Boos and awkward silences marked President Obama's speech at Monday's American Medical Association meeting in Chicago, and for good reason.

Not only did he refuse to support caps for malpractice suits, but he said his administration would undercut how much doctors make. In Monday's AMA address and another speech on Saturday, the president reiterated his promise to save "$313 billion in Medicare and Medicaid spending." His line was greeted by stony silence from the AMA. Mr. Obama understood why and even admitted, "Today's Medicare rates will be applied broadly in a way that means our cost savings are coming off your backs."

The government is good at "saving" money by simply reimbursing Medicare and Medicaid providers for less than their cost. It is essentially a tax that the government imposes - a tax that doctors and hospitals pay for staying in business. But this tax raises doctors' and hospitals' costs, forcing them to charge private patients more to compensate for the lost Medicare and Medicaid revenue.

In the short run, these higher costs will force more people out of private insurance and into Mr. Obama's proposed government-provided insurance. In the longer run, as fewer people carry private insurance, it disappears and there is no one to pay this tax. With the profit motive removed, there will be fewer hospitals and fewer doctors practicing medicine. That means less health care to go around.
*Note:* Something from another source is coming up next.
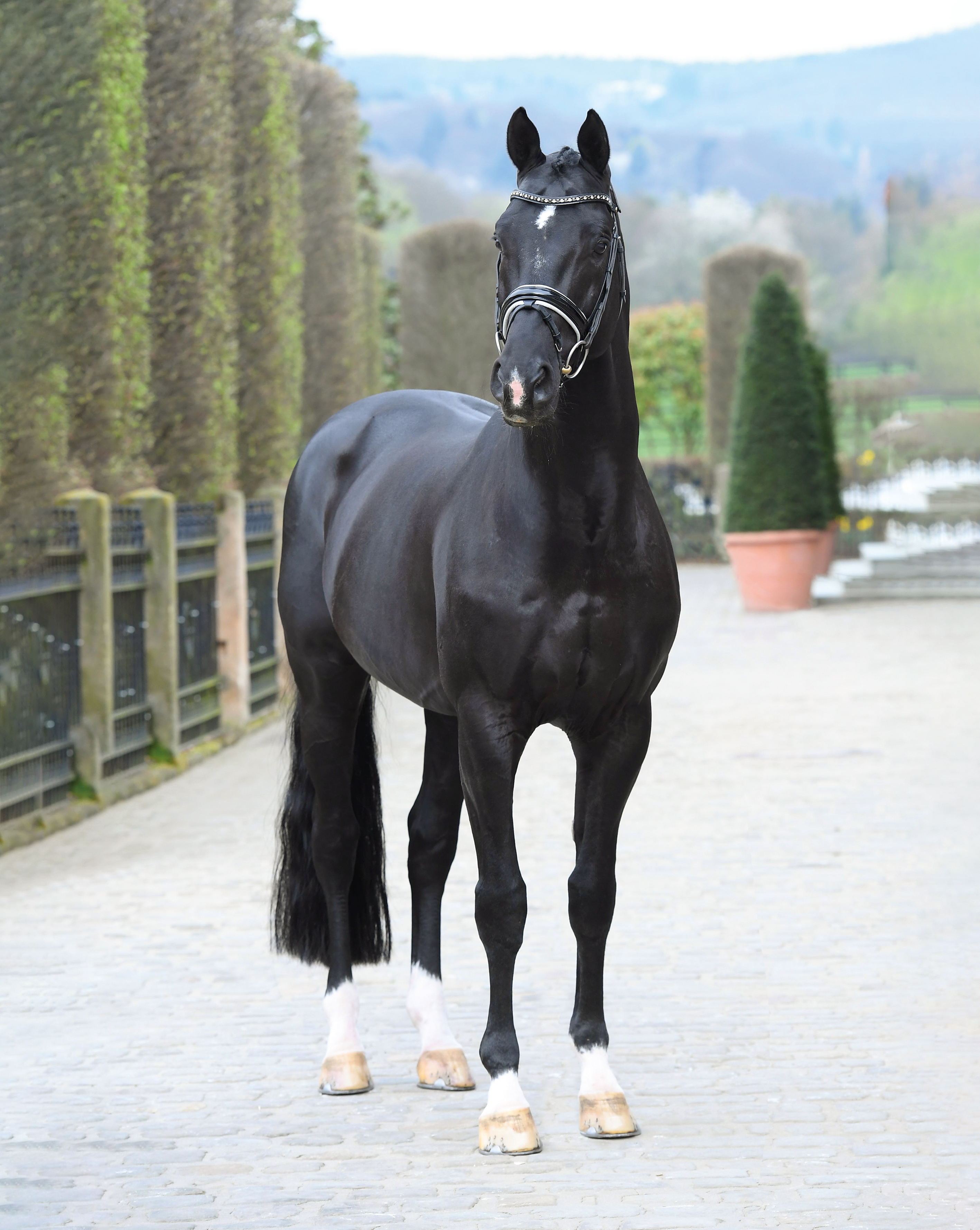 Besagter Olympia-Zehnter, EM-Achter und -Zehnter, Weltcup-Dritter, Burg-Pokal- und Louisdor-Preis-Sieger, Total Hope OLD, führt das Lot der bald 50 gekörten Söhne des Totilas an. Und dann sind da noch die ebenfalls gekörten und international Grand Prix erfolgreichen Birkhof’s Topas FBW/Victoria Max-Theurer, Glock’s Total U.S./Edward Gal/NED, Tabledance/Evelyn Eger, Titolas/Susanne Krohn, Genuine/Marijke van Giesen/NED und Straight Horse Don Tamino/Philine Brunner/SUI sowie der zweifache Dressurpferde-Vize-Weltmeister und EM-Teamfünfte Governor-STR/Adelinde Cornelissen/NED, der Burg-Pokal-Vierte Top Gear OLD/Isabel Freese/NOR, der zweifache Bundeschampionats-Bronzegewinner Total McLaren der mit 370.000 Euro zweitteuerste Hannoveraner Prämienhengst Take That und unser zweiter Reservesieger seiner Kurzprüfung, Total PS.

The future of this type of cost cutting can be seen by checking out the United Kingdom. Being a doctor in Britain is not as prestigious as it once was because it's not as lucrative. Many of Britain's doctors are foreigners who emigrated to practice medicine. Or take Canada. When the Canadian government took over the health insurance program there, many of their best doctors left Canada and came to practice in America where there was still good money to be made in the profession. The result in both Britain and Canada is less care and delays in receiving care.

"If you like your health care, the only thing reform will mean is your health care will cost less," Mr. Obama consistently promises. "If anyone says otherwise, they are either trying to mislead you or don't have their facts straight." It's Mr. Obama who is being misleading.

Mr. Obama keeps claiming critics who say government will ration care are just being dishonest. No one has to take our word for it. Just look at Mr. Obama's own proposals to "save" money from Medicare and Medicaid.